Eating Your Way to Cancer Prevention
January 31, 2018
By Erin Whitehead
Last year, the INWFN and the Panhandle Health District formed a partnership to around cancer prevention and diet. We began by sharing cancer prevention information – specifically the benefits obtained through eating fruits and vegetables – with parents and children who participated in the Power of Produce Club. One of our goals is to help instill nutritious habits early in a child’s life, so this was a terrific collaboration for us!

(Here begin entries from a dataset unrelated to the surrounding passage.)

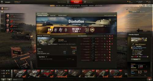 Teljes: 54 718 WN8: 10 416 (100)(#73654) S.Copperpot Igen, ez jó eredménynek számít, de abban bíztam, hogy 1200 körül már megadja. Mintha olyan rémlett volna, hogy a brit tankokkal kicsit könnyebb az ászt behúzni.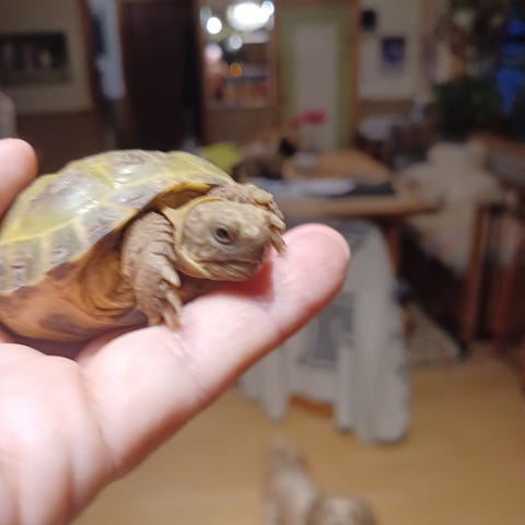 Min landsköldpadda söker ett tryggt och lugnt hem. Det är oerhört viktigt för mig att han hamnar hos en familj som är trygg och gärna lugn.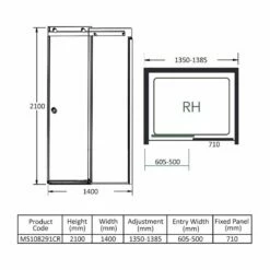 Merlyn 10 Series Sliding Shower Door Right Hand with Tray 1400mm – MS108291CR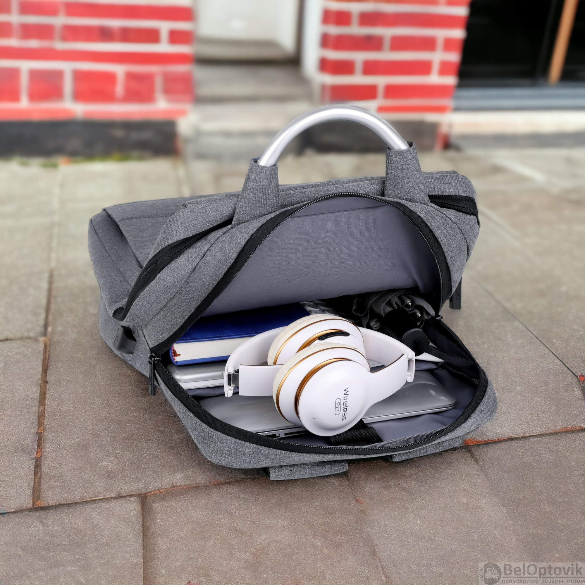 Рюкзак можно носить как в руке, так и на плечах, что делает его универсальным и удобным в использовании. Способ ношения легко регулируется в зависимости от ситуации и ваших предпочтений. Кроме того, рюкзак оснащён удобной металлической ручкой для переноски.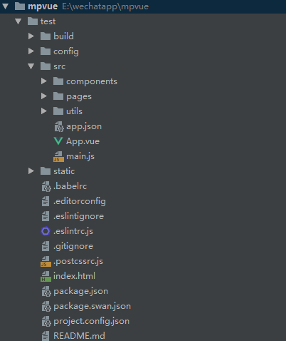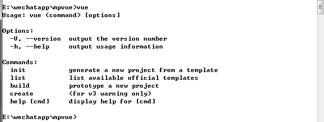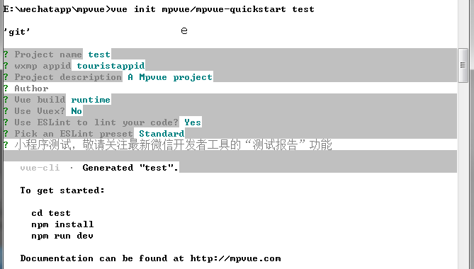 (3)mpvue使用vue-cli构建工具,其中使用了一个vue模板,此模板用来支持mpvue的项目小程序的生成,使用如下代码可以新建一个mpvue的工程。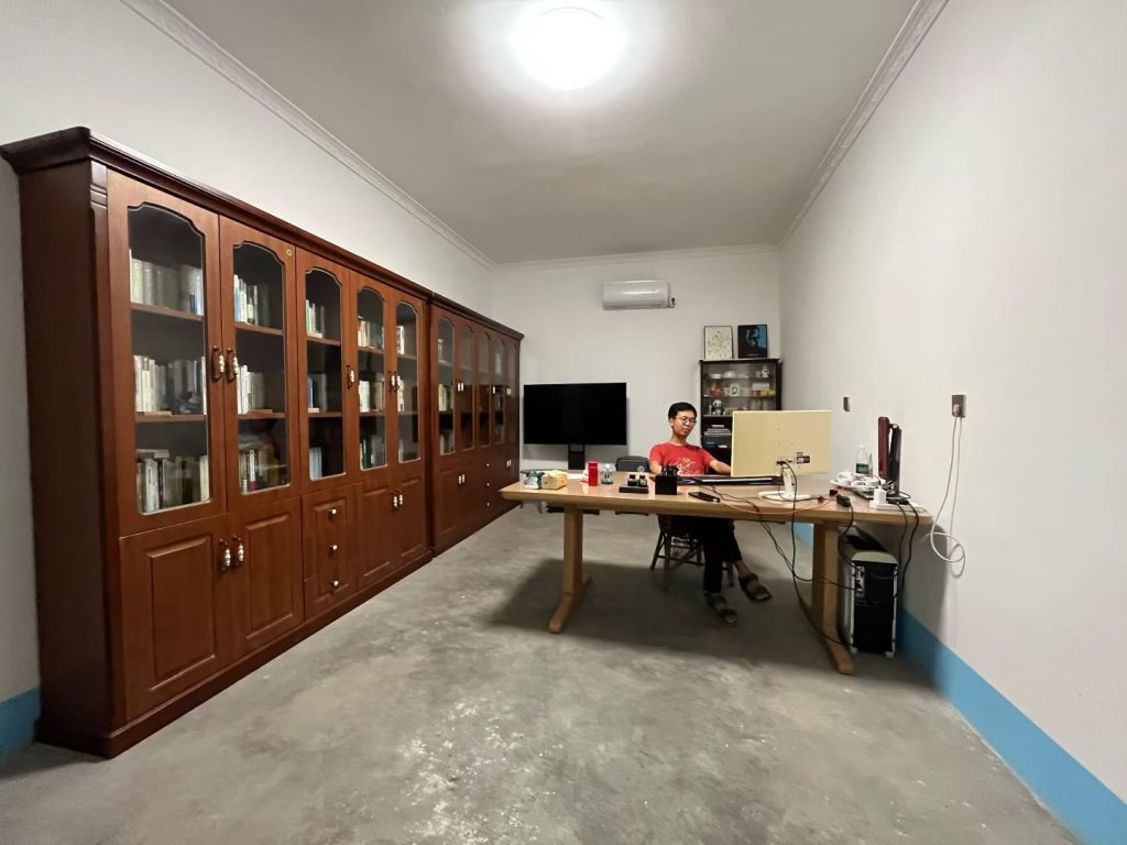 父母為書房白墻,本人幸運再購一組同款五門書櫃,長桌於中,茶具、臺燈、電腦、電視依次置辦,墻飾《殘荷新柳》與《Zima Blue》掛畫。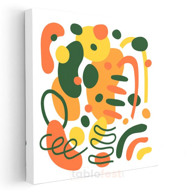 Tropikal Soyut Kompozisyon - Canlı Yeşil Turuncu Sarı Organik Formlar Kanvas Tablo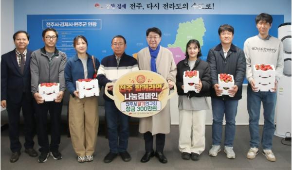 전주시딸기연구회(회장 김동민) 임원 및 회원 6명은 5일 전주시청을 방문해 1인 가구 등 위기가구 발굴 지원을 위한 ‘전주 함께라면’ 추진을 위한 성금 300만 원을 기탁했다.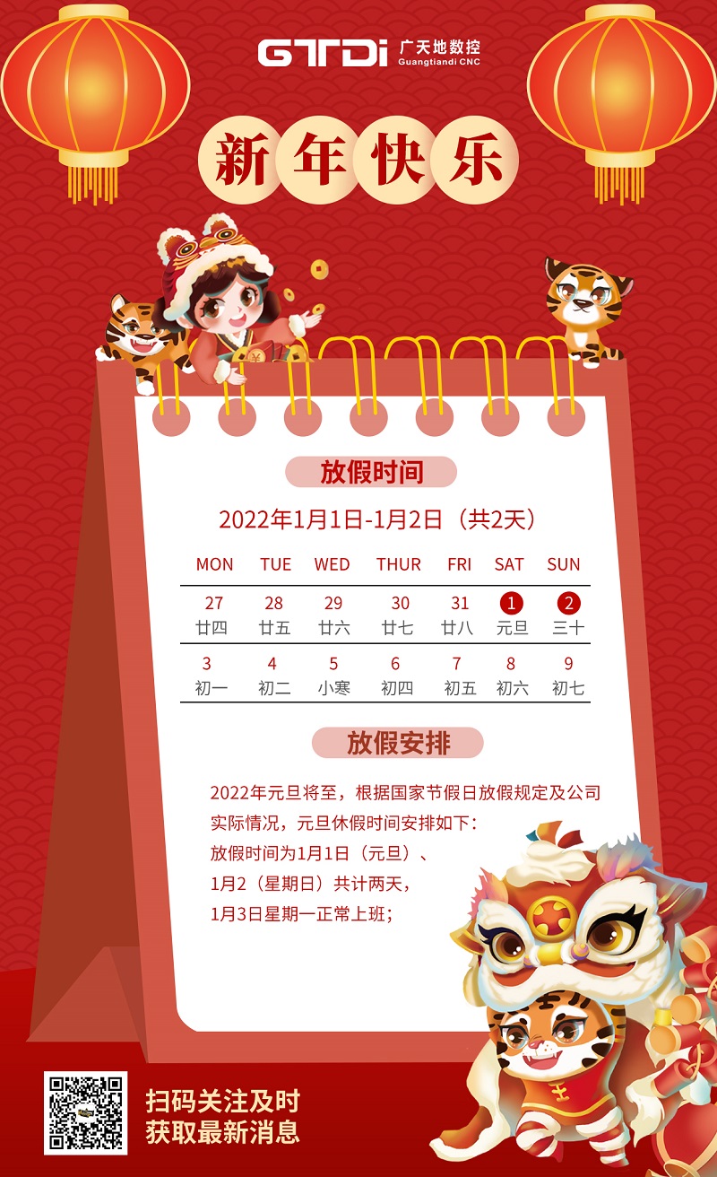 廣天地?cái)?shù)控2022年元旦節(jié)放假時(shí)間安排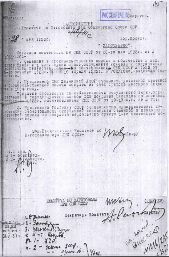 Распоряжение № 150/111с Комитета по заготовкам сельхозпродуктов при СНК о во продовольственной помощи Казахстану. 28 мая 1933 г.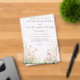This design features a delicate watercolor illustration of wildflowers in shades of green and pink.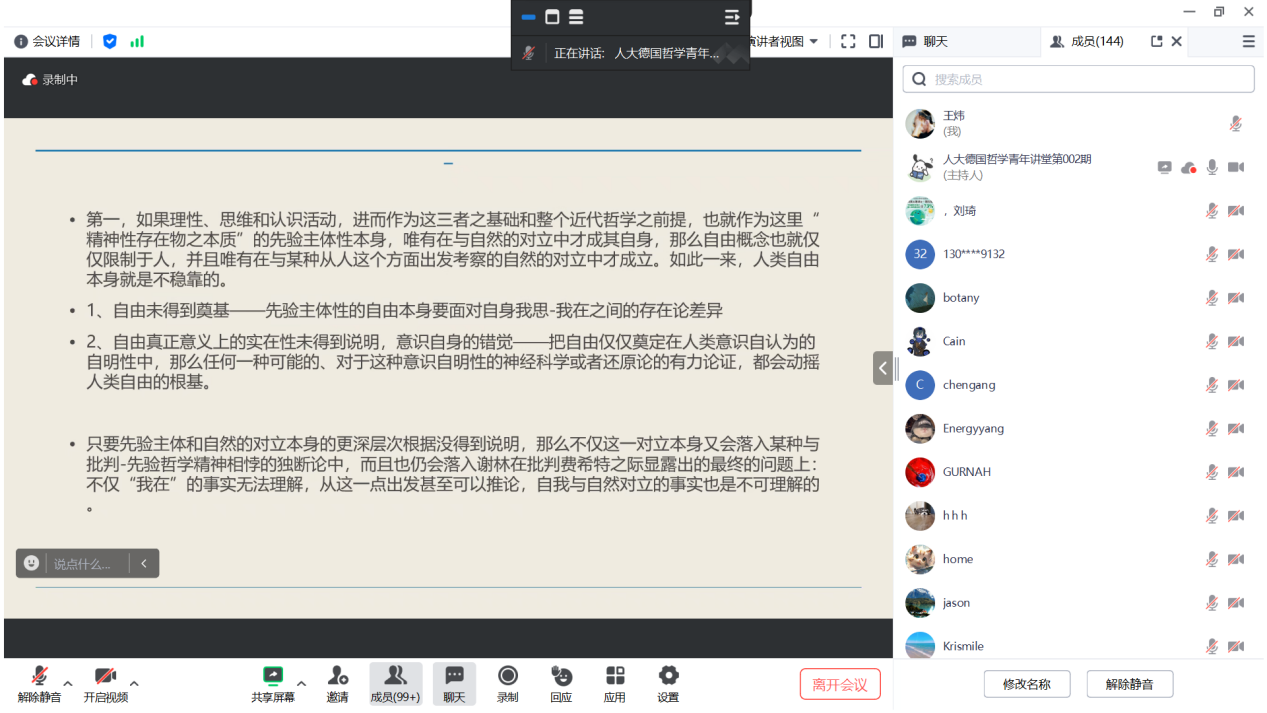 最后,王丁老师总结道,恶的问题暴露出:一、先验哲学的世界图景是无法满足的将必然性囊括进自身的自由概念;二、从现实角度来考虑,先验哲学没有能力理解恶的现实存在并与这种实在的恶相抗衡。由于讲座时间有限,王老师遗憾地未能展开海德格尔与谢林之争的精彩内容。

Entering 2018, many of us are renewing intentions or resolving for a healthy start to the new year. To assist you in the journey, we offer you some tips to help reduce your cancer risk:
According to the American Institute of Cancer Research, lifestyle factors such as diet and maintaining a healthy weight are responsible for approximately one-third of all cancer cases. A healthy, cancer free lifestyle starts with a diet rich in vegetables, fruits, and fiber. It includes limiting saturated and trans-fat, processed meats, and alcohol. Regularly moving your body is also a must! Preventing cancer isn’t just about dos and don’ts, it’s also about finding balance and moderation. The best approach is to make small adjustments over time to determine what works for you.
Small day to day lifestyle choices have a huge impact on your long-term health. They also happen to be the area you have the most control over because you oversee what you eat and how much you move. Below are five suggestions to help balance what and how much you eat:
- Start your meal with an appetizer. Eating a bowl of vegetable soup, a green salad, or a fresh fruit fifteen minutes before lunch or dinner can take the edge off hunger and reduce the calories you eat during your meal. Healthy appetizers will also help you add cancer-preventing plant foods to your daily diet. Click here for a list of foods containing ingredients that are known cancer preventers.
- Use smaller plates. It sounds simple, but several studies have found evidence that smaller plates lead to eating less. While you’re at it, make sure at least half of your plate is filled with colorful plant base foods.
- Put left overs away before you eat your meal. Putting extra food away in the refrigerator, or in a carryout box at a restaurant, before you begin a meal will help you stop eating before you get carried away.
- Be mindful of your surroundings. Dimming the lights and playing mellow music helps create a relaxing atmosphere that can encourage you to eat slower. Eating slower gives your stomach time to tell your brain it is full. It also allows you to fully appreciate the flavors, texture, aromas, and complexity of your food, adding to an overall feeling of satisfaction.
- Reduce temptations! Eliminate the temptation of processed and sugary foods by having them in your home only occasionally. Alternatively, have antioxidant rich berries or protein packed nuts on hand for your snack rotation.
Erin Whitehead, MPH, is a Health Education Specialist for the Panhandle Health District in North Idaho.